● Your instructions
A faithful copy is required. Print each line of the data exactly and omit the pictures.
(Material supplied Opens)
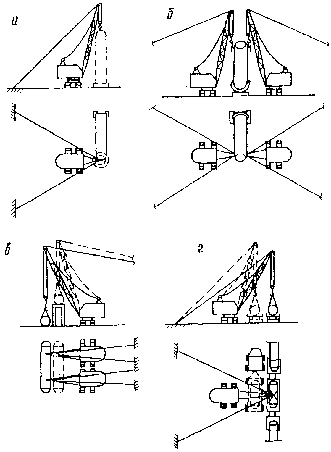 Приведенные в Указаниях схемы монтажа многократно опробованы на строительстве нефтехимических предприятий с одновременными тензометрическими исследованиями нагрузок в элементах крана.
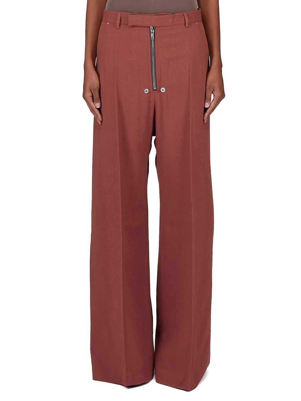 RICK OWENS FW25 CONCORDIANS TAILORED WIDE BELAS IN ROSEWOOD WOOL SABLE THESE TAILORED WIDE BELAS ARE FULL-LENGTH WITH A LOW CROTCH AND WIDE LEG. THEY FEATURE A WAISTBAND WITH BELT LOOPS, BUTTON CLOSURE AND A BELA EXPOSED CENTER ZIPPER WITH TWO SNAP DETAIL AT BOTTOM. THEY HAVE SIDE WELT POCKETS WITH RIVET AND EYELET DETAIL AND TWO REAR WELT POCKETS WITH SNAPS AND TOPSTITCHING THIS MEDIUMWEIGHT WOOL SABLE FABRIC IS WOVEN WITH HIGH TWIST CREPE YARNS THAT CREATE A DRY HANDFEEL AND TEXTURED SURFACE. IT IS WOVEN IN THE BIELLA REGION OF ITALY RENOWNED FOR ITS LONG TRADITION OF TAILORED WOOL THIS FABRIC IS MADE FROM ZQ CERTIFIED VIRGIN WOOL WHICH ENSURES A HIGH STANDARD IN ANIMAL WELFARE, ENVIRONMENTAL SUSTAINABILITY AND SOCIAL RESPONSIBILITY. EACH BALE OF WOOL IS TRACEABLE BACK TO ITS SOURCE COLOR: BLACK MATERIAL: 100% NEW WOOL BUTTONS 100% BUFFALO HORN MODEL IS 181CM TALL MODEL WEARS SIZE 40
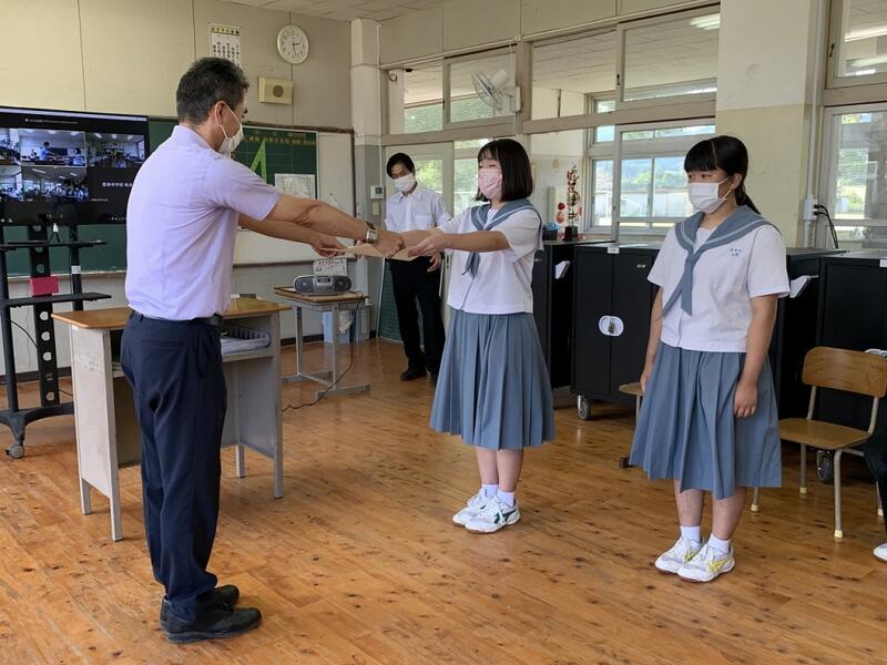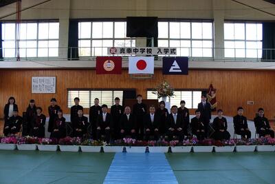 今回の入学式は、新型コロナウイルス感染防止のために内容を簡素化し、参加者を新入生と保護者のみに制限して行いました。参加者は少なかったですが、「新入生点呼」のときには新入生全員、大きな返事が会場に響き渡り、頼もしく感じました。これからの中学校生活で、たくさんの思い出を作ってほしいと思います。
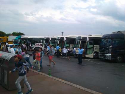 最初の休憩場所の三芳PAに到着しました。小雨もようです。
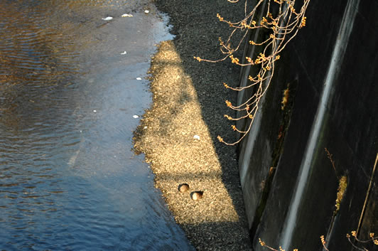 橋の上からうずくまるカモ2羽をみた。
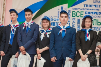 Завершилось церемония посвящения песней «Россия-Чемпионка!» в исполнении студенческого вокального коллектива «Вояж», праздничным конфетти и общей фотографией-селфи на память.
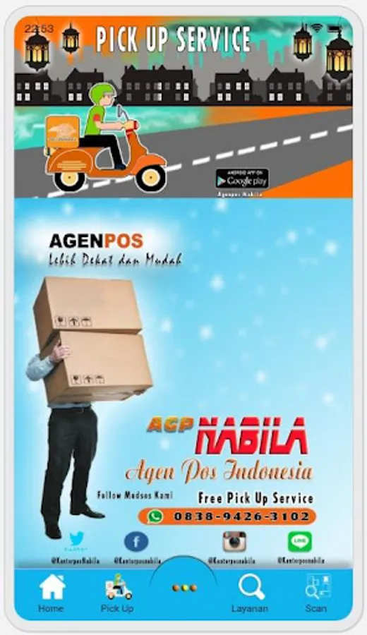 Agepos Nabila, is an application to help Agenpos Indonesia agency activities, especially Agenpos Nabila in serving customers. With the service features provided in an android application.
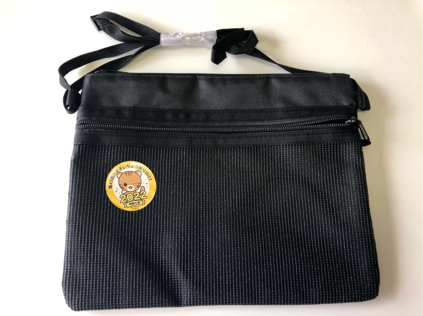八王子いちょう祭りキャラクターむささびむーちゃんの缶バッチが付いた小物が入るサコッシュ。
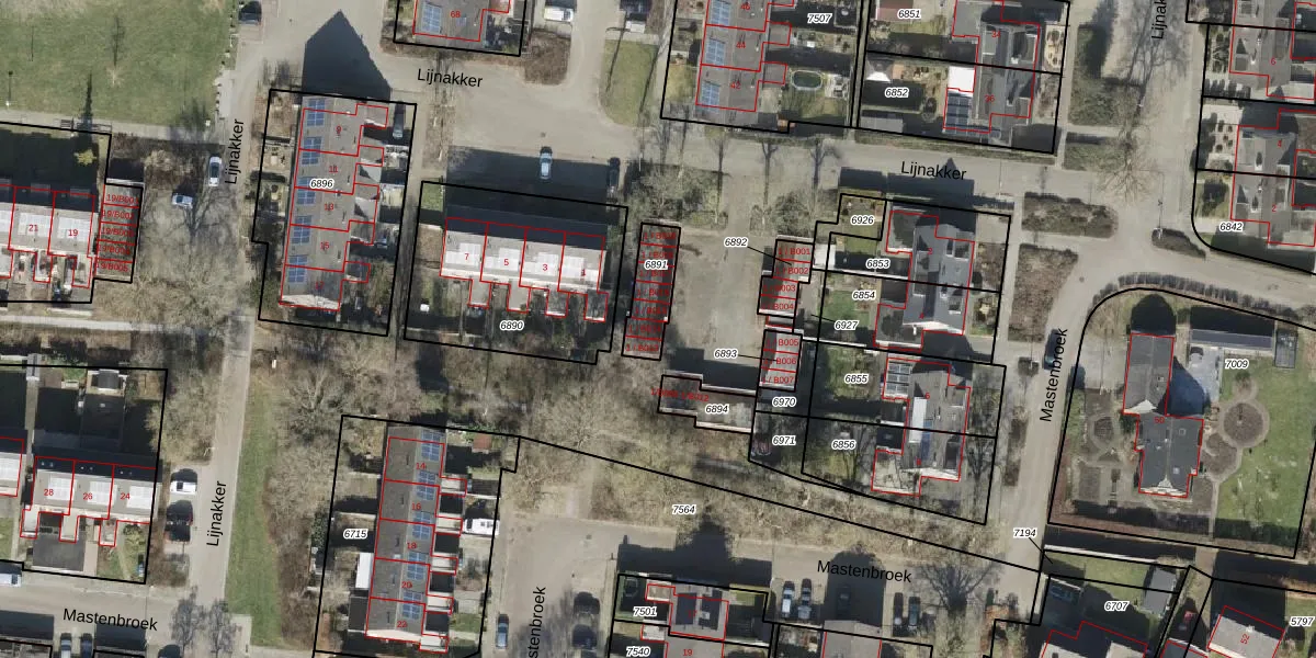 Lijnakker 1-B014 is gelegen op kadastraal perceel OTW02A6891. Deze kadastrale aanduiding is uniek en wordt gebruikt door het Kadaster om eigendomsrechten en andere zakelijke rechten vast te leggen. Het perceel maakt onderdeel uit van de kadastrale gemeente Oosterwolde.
(Material supplied Closes)
● Result of the exercise
 Приведенные в Указаниях схемы монтажа многократно опробованы на строительстве нефтехимических предприятий с одновременными тензометрическими исследованиями нагрузок в элементах крана.
 RICK OWENS FW25 CONCORDIANS TAILORED WIDE BELAS IN ROSEWOOD WOOL SABLE THESE TAILORED WIDE BELAS ARE FULL-LENGTH WITH A LOW CROTCH AND WIDE LEG. THEY FEATURE A WAISTBAND WITH BELT LOOPS, BUTTON CLOSURE AND A BELA EXPOSED CENTER ZIPPER WITH TWO SNAP DETAIL AT BOTTOM. THEY HAVE SIDE WELT POCKETS WITH RIVET AND EYELET DETAIL AND TWO REAR WELT POCKETS WITH SNAPS AND TOPSTITCHING THIS MEDIUMWEIGHT WOOL SABLE FABRIC IS WOVEN WITH HIGH TWIST CREPE YARNS THAT CREATE A DRY HANDFEEL AND TEXTURED SURFACE. IT IS WOVEN IN THE BIELLA REGION OF ITALY RENOWNED FOR ITS LONG TRADITION OF TAILORED WOOL THIS FABRIC IS MADE FROM ZQ CERTIFIED VIRGIN WOOL WHICH ENSURES A HIGH STANDARD IN ANIMAL WELFARE, ENVIRONMENTAL SUSTAINABILITY AND SOCIAL RESPONSIBILITY. EACH BALE OF WOOL IS TRACEABLE BACK TO ITS SOURCE COLOR: BLACK MATERIAL: 100% NEW WOOL BUTTONS 100% BUFFALO HORN MODEL IS 181CM TALL MODEL WEARS SIZE 40
 今回の入学式は、新型コロナウイルス感染防止のために内容を簡素化し、参加者を新入生と保護者のみに制限して行いました。参加者は少なかったですが、「新入生点呼」のときには新入生全員、大きな返事が会場に響き渡り、頼もしく感じました。これからの中学校生活で、たくさんの思い出を作ってほしいと思います。
 最初の休憩場所の三芳PAに到着しました。小雨もようです。
 橋の上からうずくまるカモ2羽をみた。
 Завершилось церемония посвящения песней «Россия-Чемпионка!» в исполнении студенческого вокального коллектива «Вояж», праздничным конфетти и общей фотографией-селфи на память.
 Agepos Nabila, is an application to help Agenpos Indonesia agency activities, especially Agenpos Nabila in serving customers. With the service features provided in an android application.
八王子いちょう祭りキャラクターむささびむーちゃんの缶バッチが付いた小物が入るサコッシュ。
 Lijnakker 1-B014 is gelegen op kadastraal perceel OTW02A6891. Deze kadastrale aanduiding is uniek en wordt gebruikt door het Kadaster om eigendomsrechten en andere zakelijke rechten vast te leggen. Het perceel maakt onderdeel uit van de kadastrale gemeente Oosterwolde.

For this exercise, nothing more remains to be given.